As of Sept. 30, just over 7 million borrowers had gone at least a
year without making a payment on their federal student loans, Education
Department figures show.
The student-loan delinquency rate has
jumped to around 12%, roughly double its level before the recession,
according to the New York Federal Reserve. When excluding borrowers
still in school, roughly a quarter of all student debt is at least 90
days behind on payments.
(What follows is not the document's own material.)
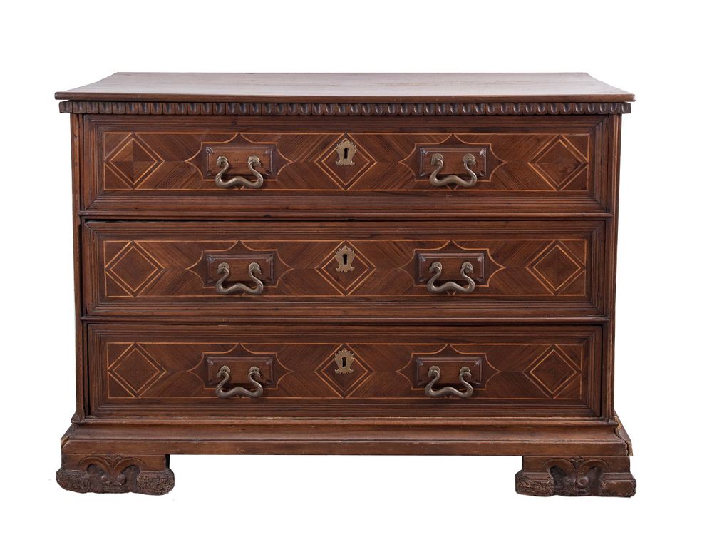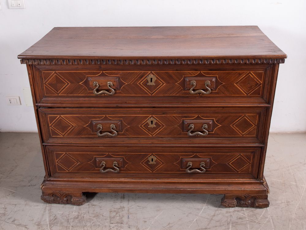 Lot 431 | Canterano in massello di noce. Cassetti spinati e filettature in rigatino e...

The comparable number for home-mortgage debt
never exceeded 9% after the housing crash.
A recent Brookings Institution study by Treasury Department economist Adam Looney
and Stanford’s Constantine Yannelis attributes the rise in both
borrowing and defaults since the recession largely to “nontraditional
students” who enrolled at for-profit schools and community colleges.
Those schools typically have low or no academic standards for enrolling.
Such
students made up more than two-thirds of defaults among those who left
school in 2011, the study found, analyzing government tax records and
student-loan figures. The defaulted borrowers tend to be older, from
lower-income families, and more likely to be first-generation
college-goers compared with students who attend four-year schools.
Likewise, an October paper by Federal Reserve researchers linked
defaults to those who had weak credit scores. About 30% of those who had
credit scores of between 500 and 599 a year before they left school
eventually became delinquent on their loans. But among those with a
score of 680 to 729, only 9% became delinquent, according to the paper, by Fed economists Alvaro Mezza and Kamila Sommer."